If the people were not the problem, then why didn’t the Task Force accomplish even more?

The ABA’s culture and organization were a handicap. The ABA is fundamentally a trade association. While it sometimes undertakes activities intended to create public benefits (like supporting pro bono projects and vetting judicial nominees) its primary reason for existence is advancing the interests of its members. Given this context, the fact that some perceived eLawyering as a sort of do-gooder program was probably a drawback.

Rocking the boat is seldom popular, especially when some perceive the project’s purpose as being something other than making life better for lawyers.

The fact that ABA presidents are limited to a single one year term was another handicap. I understand the desire to bring in new blood and fresh ideas but the lack of continuity makes long range initiatives difficult. When a president leaves his pet projects slide off the priority list.

Bottom Line

Did the eLawyering Task Force achieve what I and others hoped it would achieve? No.
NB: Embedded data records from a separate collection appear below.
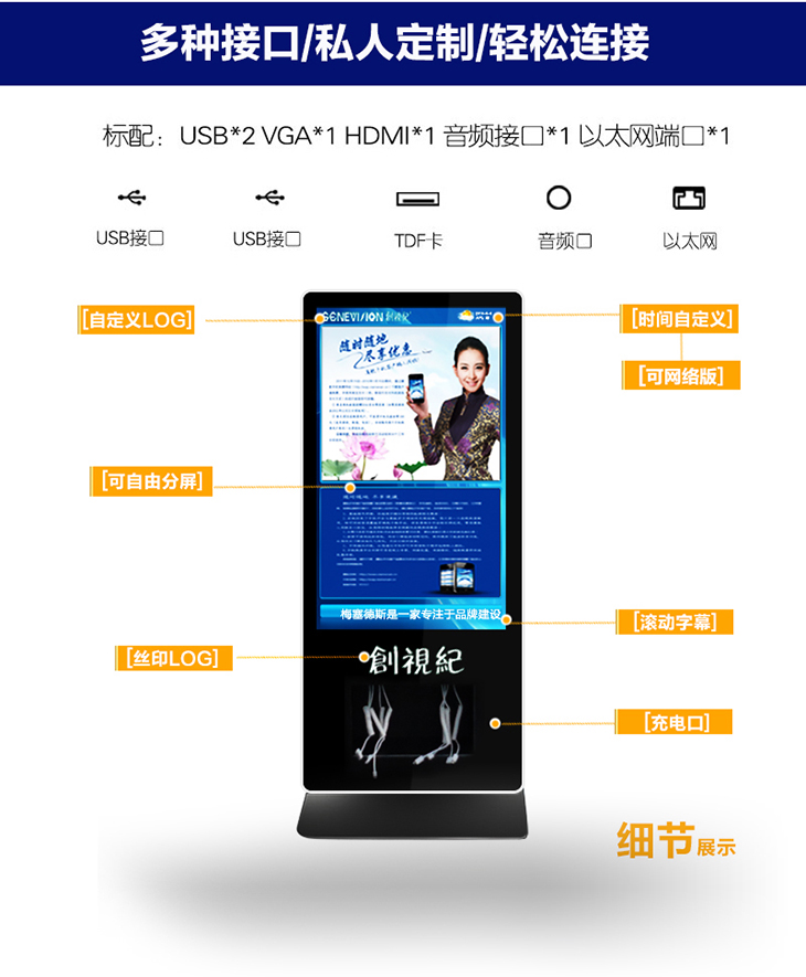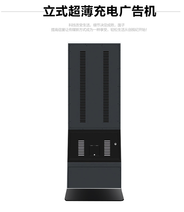 此款機型是一款以手機充電為核心功能,影音廣告播放系統(tǒng)為主,可兼容燈箱廣告的多功能廣告型手機充電站。標配12路充電接口設(shè)計可以滿足各類客戶的需求(多路可根據(jù)客戶需求),它已成為體育中心,機場,商場、會議中心、商業(yè)街、加油站的首選。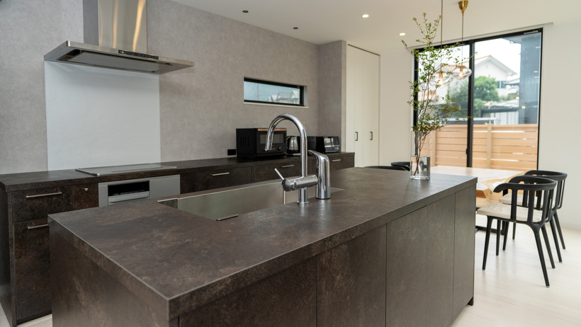 カウンターは上から「エイジングストーン」、カスタムカウンターのオークを採用。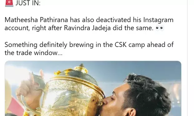 इंडियन प्रीमियर लीग टीम चेन्नई सुपर किंग्स के दो अहम खिलाड़ियों ऑलराउंडर रवींद्र जडेजा एवं तेज गेंदबाज मधिशा पथिराना के इंस्टाग्राम से अकाउंट अचानक गायब हो गए हैं, जिससे सीएसके के प्रशंसकों के बीच हलचल मच गई है। दोनों खिलाड़ियों ने लगभग एक ही समय पर इंस्टाग्राम से अपने अकाउंट डीएक्टिवेट किए हैं, जिससे सोशल मीडिया पर शुरू हुई सवालों की बौछार के बीच सीएसके फैंस सोशल मीडिया पर पूछ रहे हैं कि आखिर सीएसके में क्या चल रहा है?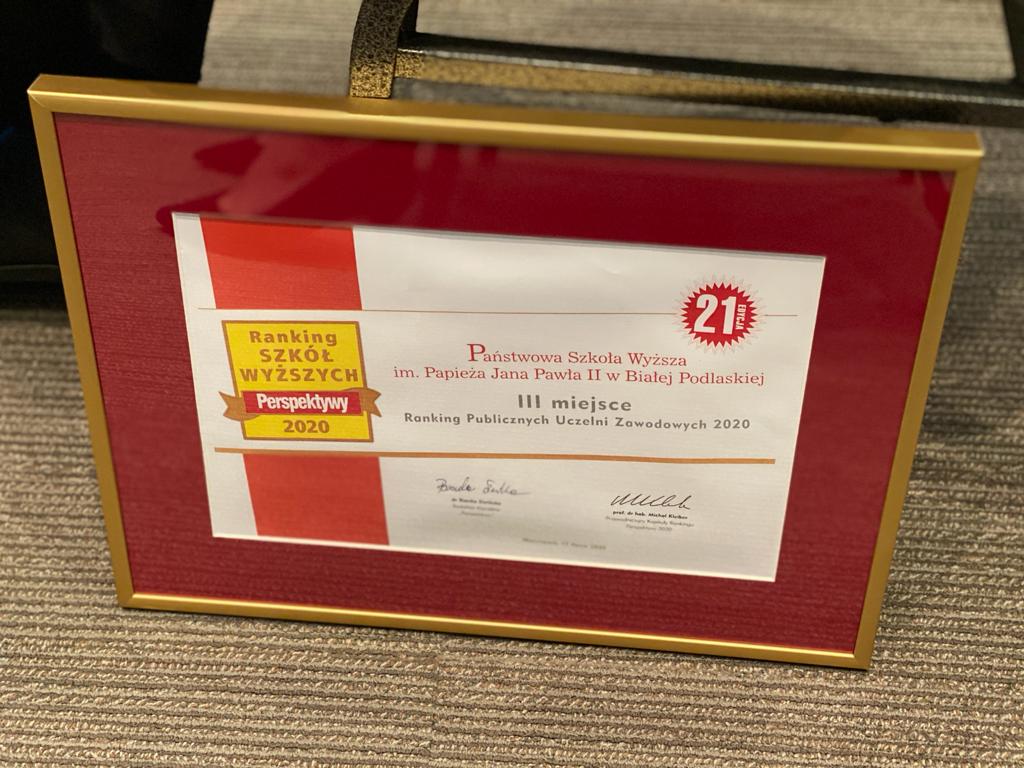 Państwowa Szkoła Wyższa im. Papieża Jana Pawła II w Białej Podlaskiej znalazła się na III miejscu w Rankingu Szkół Wyższych Perspektywy 2020. Uczelnia uplasowała się w czołówce 34 państwowych wyższych szkół zawodowych z całego kraju.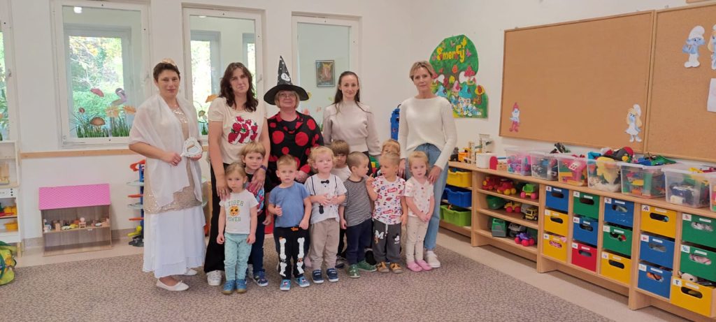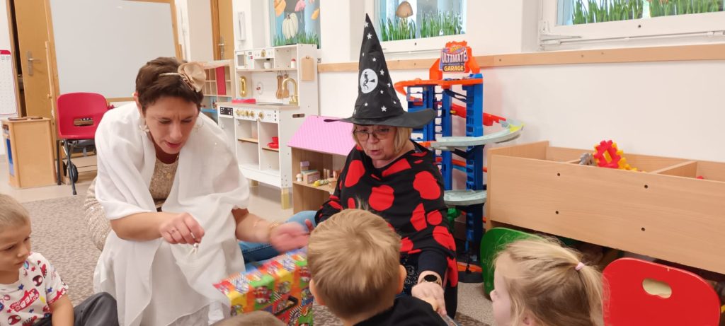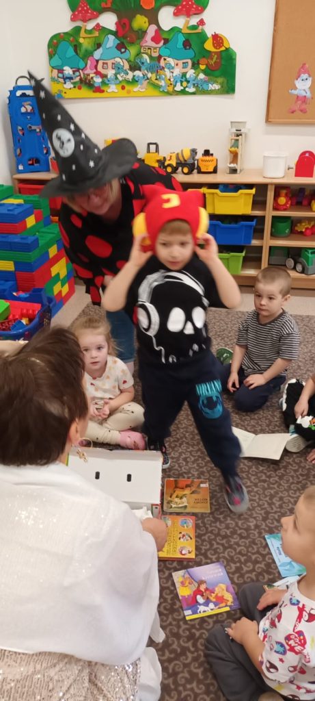 Dnia 13 listopada w tygodniu Bajek i Legend do Grupy Smerfy przyszły Panie z Miejskiej Biblioteki Publicznej w Dziwnowie na lekcję biblioteczną. Pani Małgorzata ( przebrana za Czarownicę ) i Pani Agnieszka ( przebrana za Księżniczkę ) wprowadziły dzieci w Świat Bajek, dzięki któremu dowiedziały się między innymi kto to jest Czerwony Kapturek, Królewna Śnieżka, Jaś i Małgosia…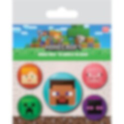 Tuo pala pelimaailmaa arkeen näillä Minecraft-rintamerkeillä! Setti sisältää 5 rintamerkkiä, joissa on suosittuja hahmoja kuten Steve, Alex, Creeper, Enderman ja sika – täydellisiä kiinnitettäväksi laukkuihin, takkeihin tai penaaliin.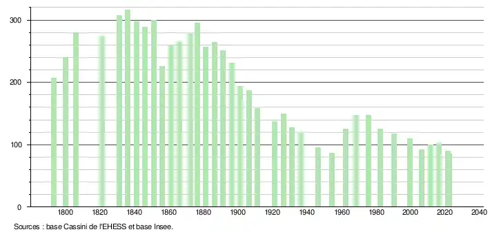 L'évolution du nombre d'habitants est connue à travers les recensements de la population effectués dans la commune depuis 1793. Pour les communes de moins de 10 000 habitants, une enquête de recensement portant sur toute la population est réalisée tous les cinq ans, les populations de référence des années intermédiaires étant quant à elles estimées par interpolation ou extrapolation[15]. Pour la commune, le premier recensement exhaustif entrant dans le cadre du nouveau dispositif a été réalisé en 2006[16].
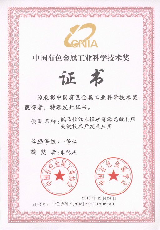2018年12月:中国有色金属工业科学技术奖一等奖--低品位红土镍矿资源高效利用关键技术开发及应用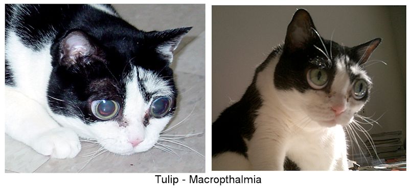 Macropthalmia refers to a condition where either the eyeball(s) or the whole eye(s) is/are abnormally large in size due to anomalous eye development. The lens often detaches (luxation) or there are cataracts and the cat is generally blind. Cats are very stoic and may not show discomfort, but the pressure of grossly enlarge eyballs on surrounding tissue causes discomfort or pain and the eyeball should be removed to alleviate this. The enlarged or protruding eye combined with loss of sight means an increased risk of injury to the eye (and subsequent infection). Macropthalmia can be genetic (as evidenced by 3 affected littermates) or congenital.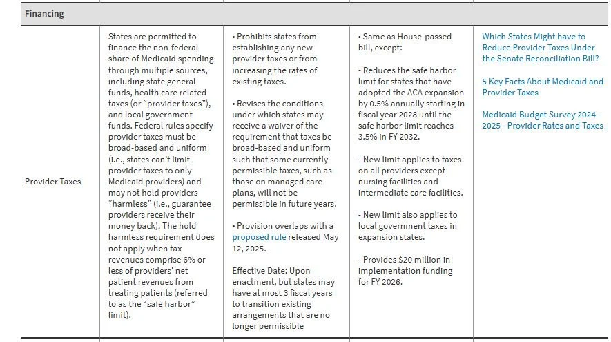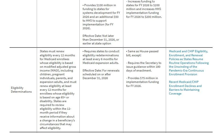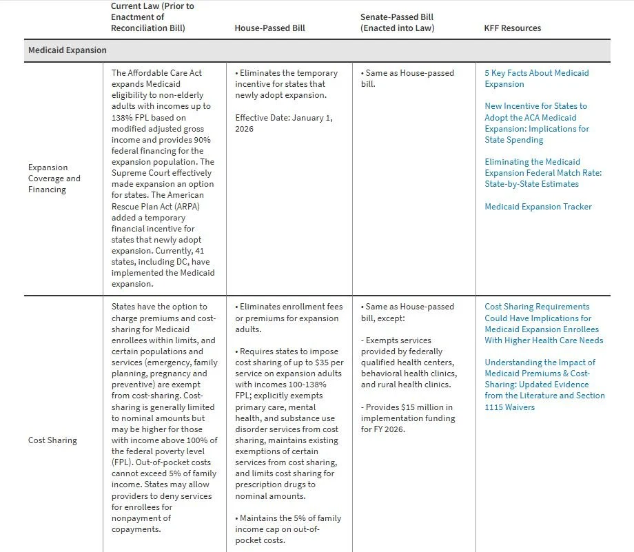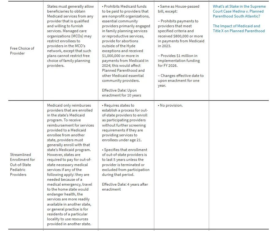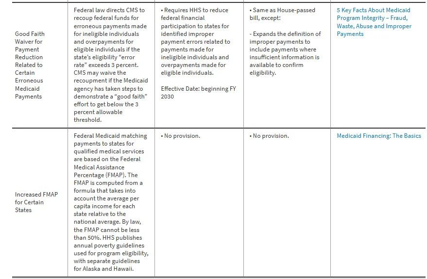 On July 3, the House passed the same version of the budget reconciliation bill passed by the Senate on July 1. On July 4, President Trump signed the legislation into law . This summary describes the health care provisions in the law (described as the Senate-passed bill) in four categories: Medicaid, the Affordable Care Act, Medicare and Health Savings Accounts (HSAs). It also compares the provisions to a earlier draft of the bill passed by the House on May 22.

Did the project achieve everything it could achieve working within the ABA structure? Probably.

I think the eLawyering project’s biggest benefit was just putting the ideas of eLawyering into play. Seeds were planted. The ground was too dry for them to fully blossom then, but attitudes and receptiveness evolve over time. Would Jack Duncan’s book be provoking so much discussion if not for the Task Force’s groundbreaking work?

While the ABA eLawyering project’s contributions should not be underestimated, I agree with Cat Moon and Dennis Kennedy that it’s time to consider alternatives to the institutional approach.

The objectives of the eLawyering project still matter. I’m just as much a rebel today as I was 20 years ago. The only difference is that today I have a better idea of how real innovation is possible.

I will be sharing my thoughts here and at a new website I am developing: eLawyeringinnovation.org.